Wanting to move into REPE but dont want to take the pay cut

Throwaway account but I'm a 1st year IBD associate in London, base £90k and bonus around 100%.

I'm currently recruiting for REPE associate roles and have received a couple offers from some respectable names i.e. all in the preqin top 100 list (although none in the top 10 of the list) and also interviewing with a few others in the list as well.

All these firms I'm in the process with are offering base salaries between £80-90k for investment associate positions with target bonuses of up to 50%. Therefore, I would be going from a total comp of £180k to approx. £120k+, which is around a 40% pay cut?!!

Although I'm extremely interested in REPE and would choose it over IBD, I just can't seem to justify taking such a huge pay cut which I assume would widen even further later down the line at the senior levels i.e. 3rd yr associates at my bank make above £250k total comp whereas I doubt 3rd yr associates in these REPE funds will pay anywhere near that if they're only offering just over £120k total as 1st yr associate.

Is this normal, do all REPE firms (excluding the megafunds) pay well below IBD? I know it depends on the fund, but I just wasn't expecting such a pay cut.
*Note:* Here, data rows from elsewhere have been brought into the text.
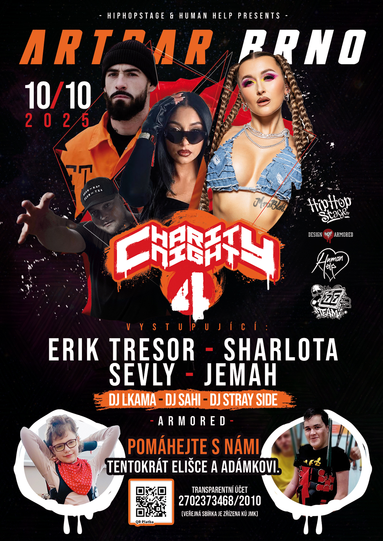 Vyvrcholením celé akce bude charitativní večer 10. října 2025 v brněnském klubu ARTBAR, kde budou peníze slavnostně předány. Na pódiu vystoupí Sevly & Thady, Sharlota, Jemah a Erik Tresor – hudební zážitek, který bude mít skutečný dopad.
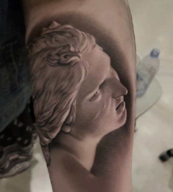 手臂上线条感很不错的黑灰欧美人像纹身图案
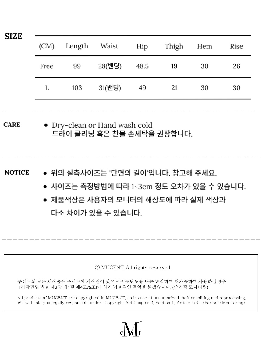 ┃Detail • 전면부 무센트 시그니처 자수 • 일체형 치마 레깅스 • 다리가 길어보이는 부츠컷 실루엣 • 허리 밴딩으로 편안한 착용감 • 착용 시 피부에 부드럽게 밀착되는 터치감 • 스타일에 구애받지 않는 데일리한 아이템 ┃Material : Polyester 100% ┃Care : Dry cleaning - 무센트는 말기의 행성인 이 지구에서 지속 가능한 옷들을 고민합니다. 우리는 신념을 소비하는 미닝아웃을 지지합니다.
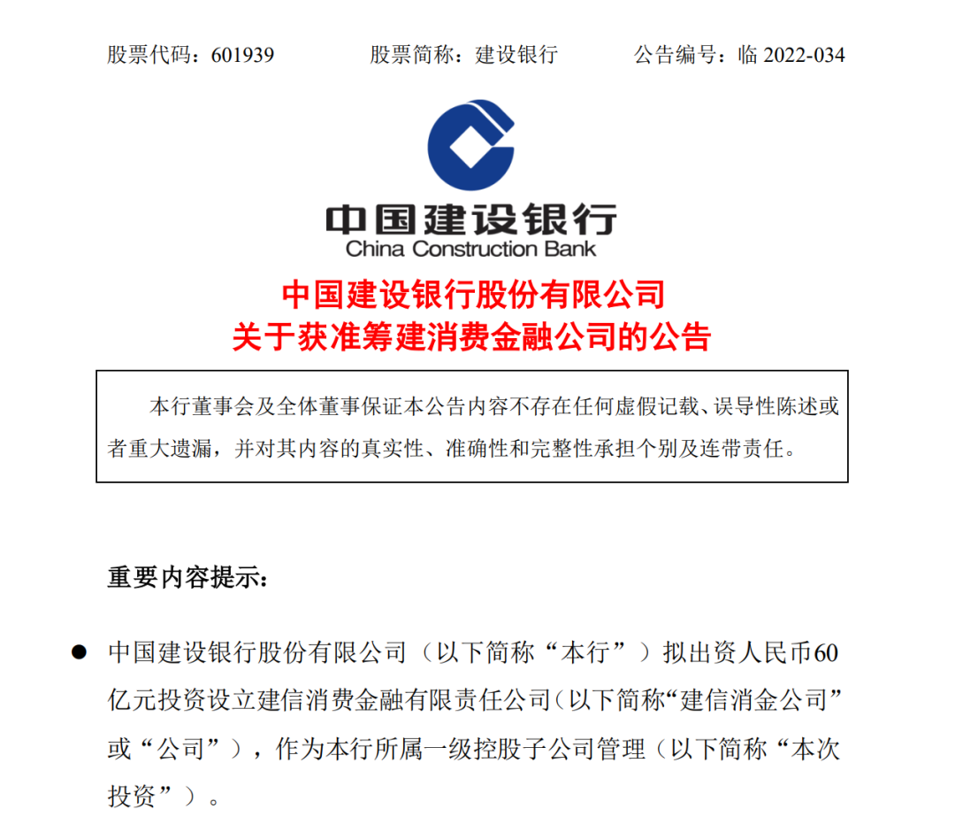 2019年6月20日,建設(shè)銀行董事會就審議通過了《關(guān)于設(shè)立消費金融子公司的議案》,同意該行出資不超過60億元,與其他出資人共同出資設(shè)立消費金融公司。
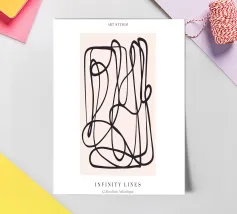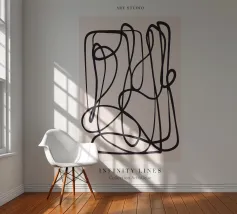 Questa opera d'arte unica della collezione "Infinity Lines" dona un tocco moderno e astratto a qualsiasi ambiente con le sue linee curve e dinamiche. Le linee nere e apparentemente infinite su uno sfondo minimalista creano un equilibrio armonioso tra caos ed eleganza. Perfetto per murales, cuscini o cover per cellulari, questo disegno piacerà a chiunque ami l'arte moderna e le forme astratte.
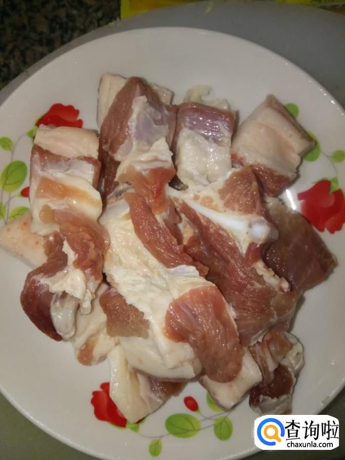 五花肉选择肥瘦相间的;我们将五花肉洗净,切成块状,不要太大块,1cm左右厚和1cm左右宽就好了,这样容易熟一点;
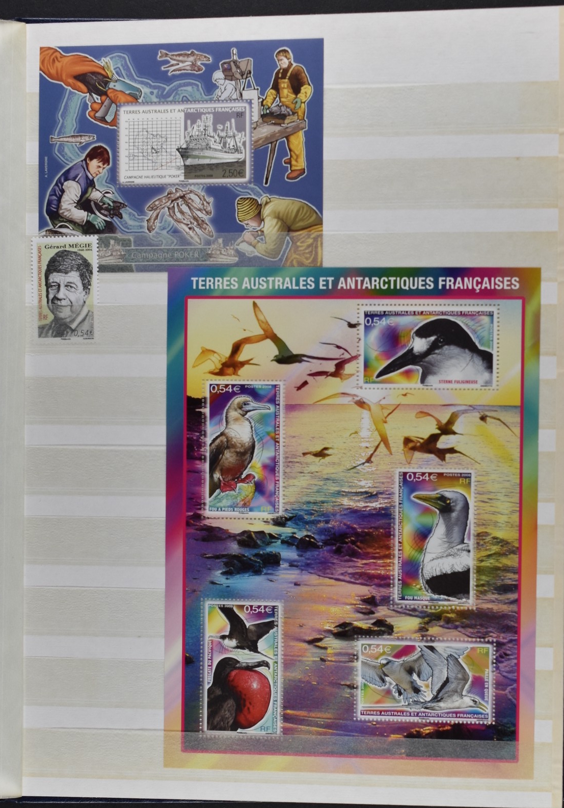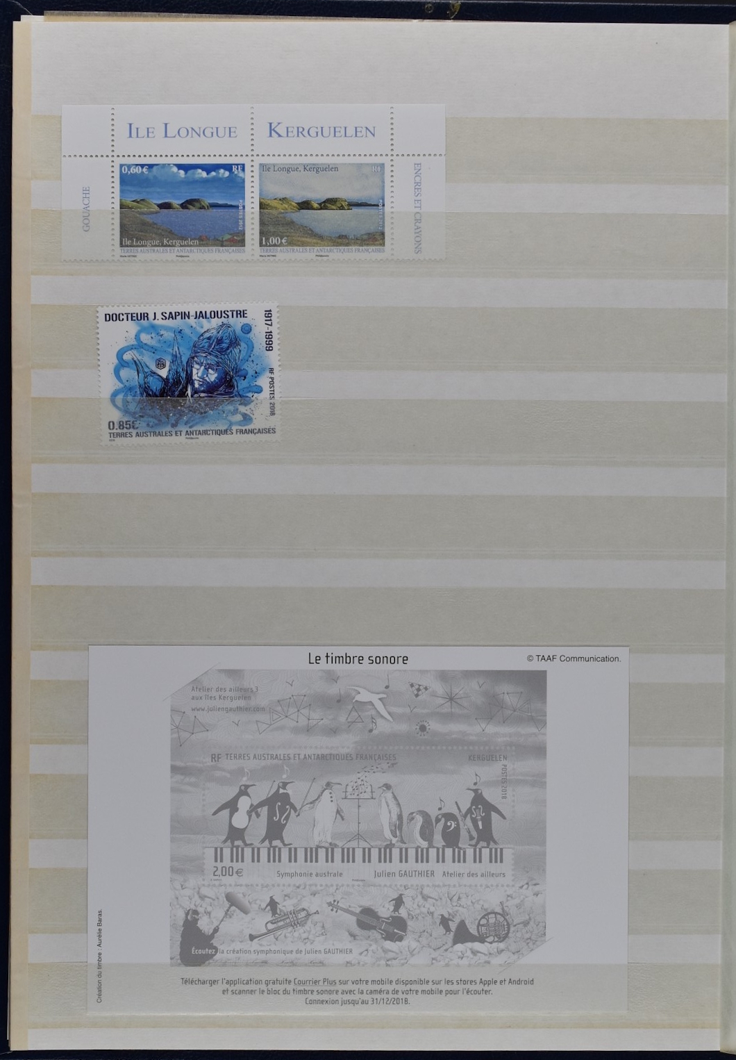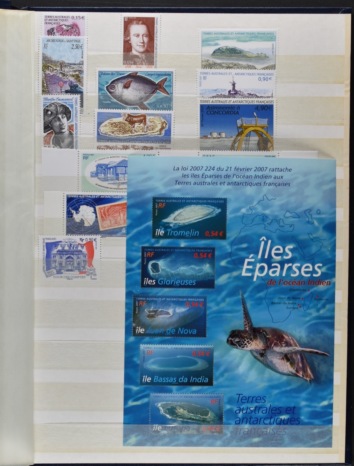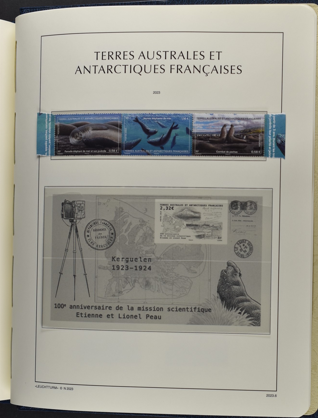Superb modern collection of the French Southern and Antarctic Territories, housed in a luxury Lighthouse printed album with slipcase. Virtually complete 2010–2023, unmounted mint throughout, including numerous miniature sheets and booklets with attractive fauna and flora designs. Catalogue value c. €1,160 (Yvert). In addition, a supplementary selection 2001–2009 in stockbook, c. €450 (Yvert). Total catalogue value approx. €1,610.
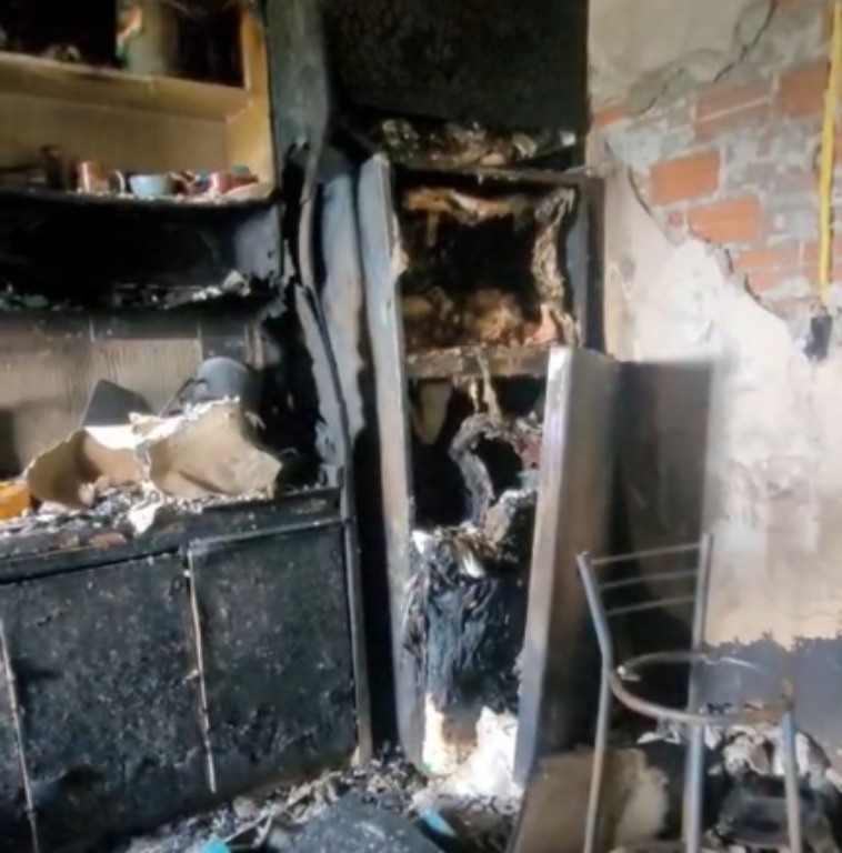 Na imagem, é possível ver o cenário de devastação deixado pelo incêndio: móveis e eletrodomésticos completamente carbonizados, paredes escurecidas e uma espessa camada de fuligem cobrindo o espaço.
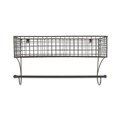 Crafted of antiqued finish chicken coop metal wire for a vintage look and a sturdy frame, this wall mount shelf will be a great addition to your interior. Stylishly house little handy items for easy access. The towel bar would also come in handy when dinner preparation is fully on. With their rustic appeal, this shelf would make a charming housewarming gift.
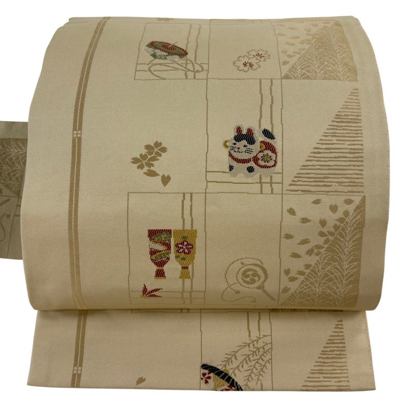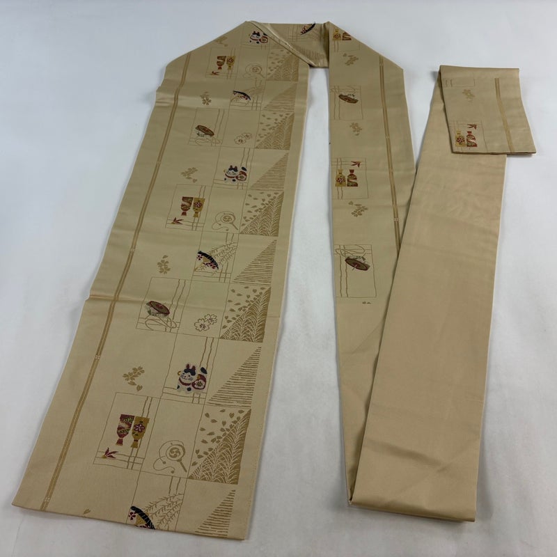【名古屋帯】 白系 ベージュ 優品 B 帯丈355cm以下 -3980 二万以下
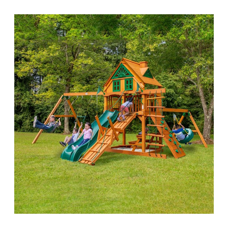 Gorilla Pioneer Peak Treehouse Cedar Wood Swing Set Kit w/ Amber Posts - Amber (01-0055-AP)
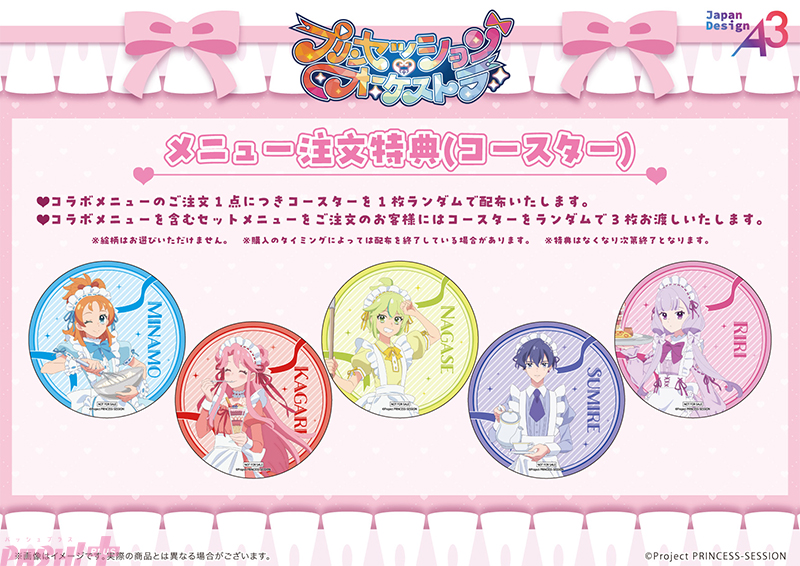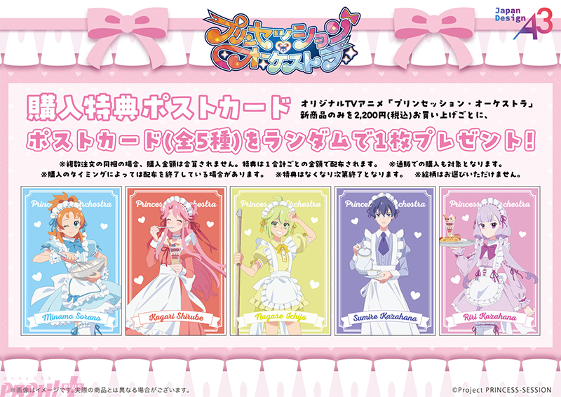 通販、もしくは店頭でTVアニメ『プリンセッション・オーケストラ』の新作グッズのみを1会計で2,200円(税込)お買い上げごとに、ポストカード(全5種)をランダムで1枚プレゼントします。
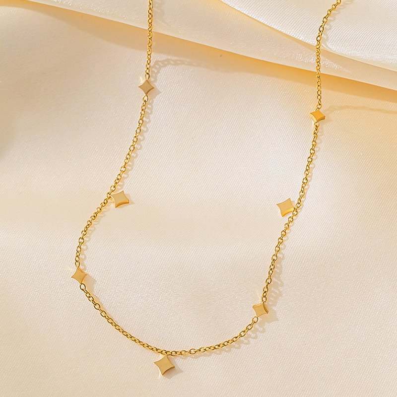 ANENJERY 316L Stainless Steel Multiple Flower Star Imitation Pearls Necklace for Women Vintage Ins Fashion Jewelry Gifts Daily
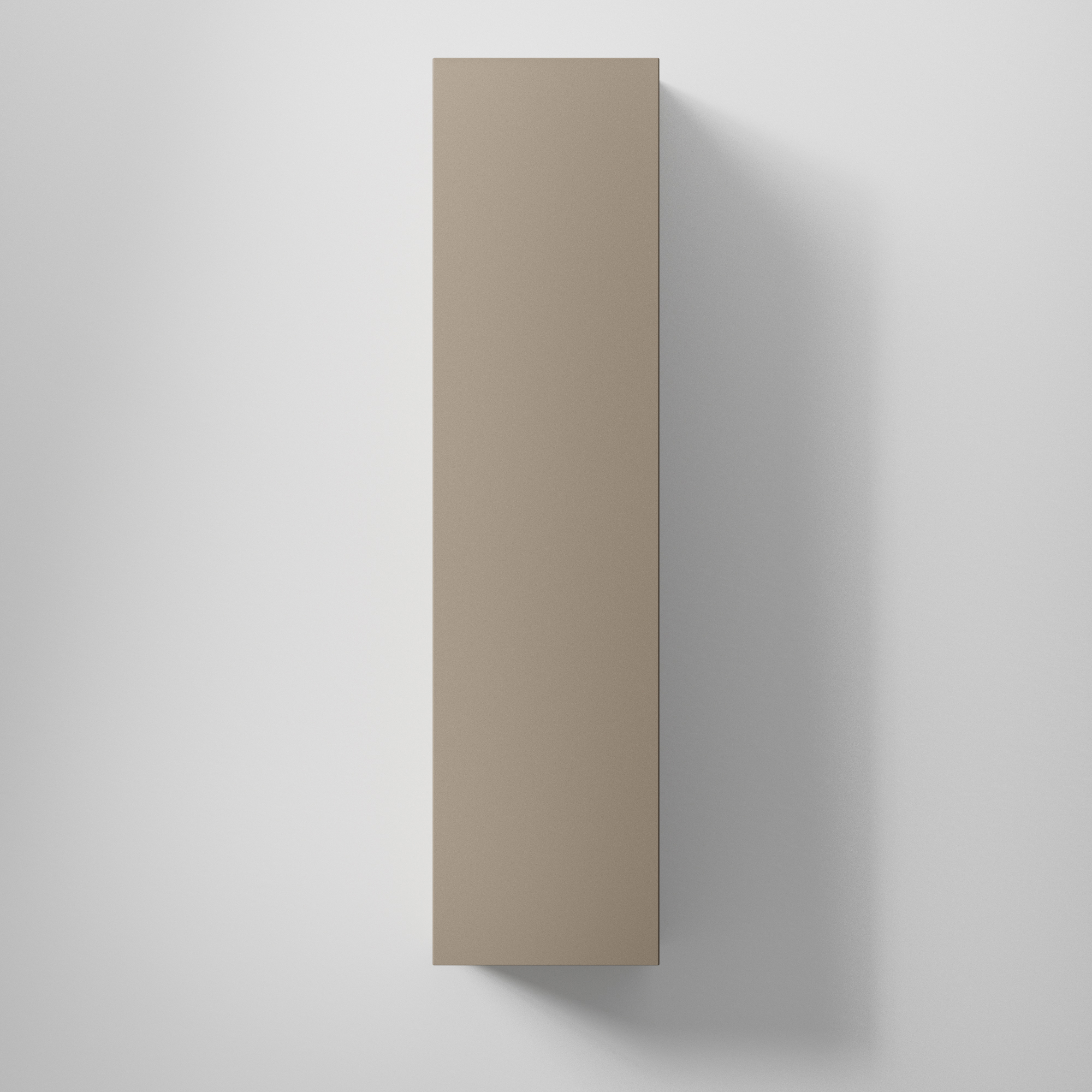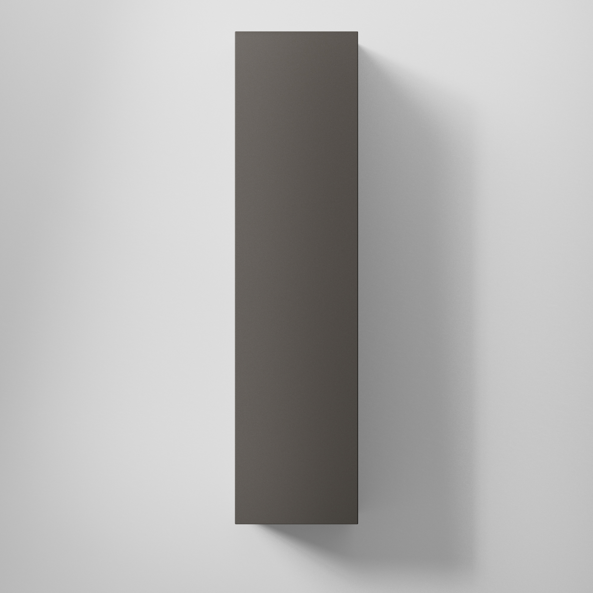 Skåpet har två lådor i matt svartlackerad aluminium, ett fast hyllplan i trä och fyra justerbara hyllplan i 6 mm härdat glas, vilket ger dig både överblick och flexibilitet i din förvaring. Högskåpet finns i flera färger och fanér och har en slät lucka som smidigt matchar INRs olika badrumsmöbler.

I don't want to sound like a douche suggesting all I care about is money, but is this normal or have I just been very unlucky and been interviewing with the REPE firms that pay low? Or maybe it is different for London to the US?

FYI for all you US folks, the figures mentioned are all in GBP.

If this is normal, did any of you folks that took the big pay cut ever live to regret it? Are you happy you took the large pay cut to move into REPE? I only have a couple of weeks to decide on the ones I have an offer with.

Thank you.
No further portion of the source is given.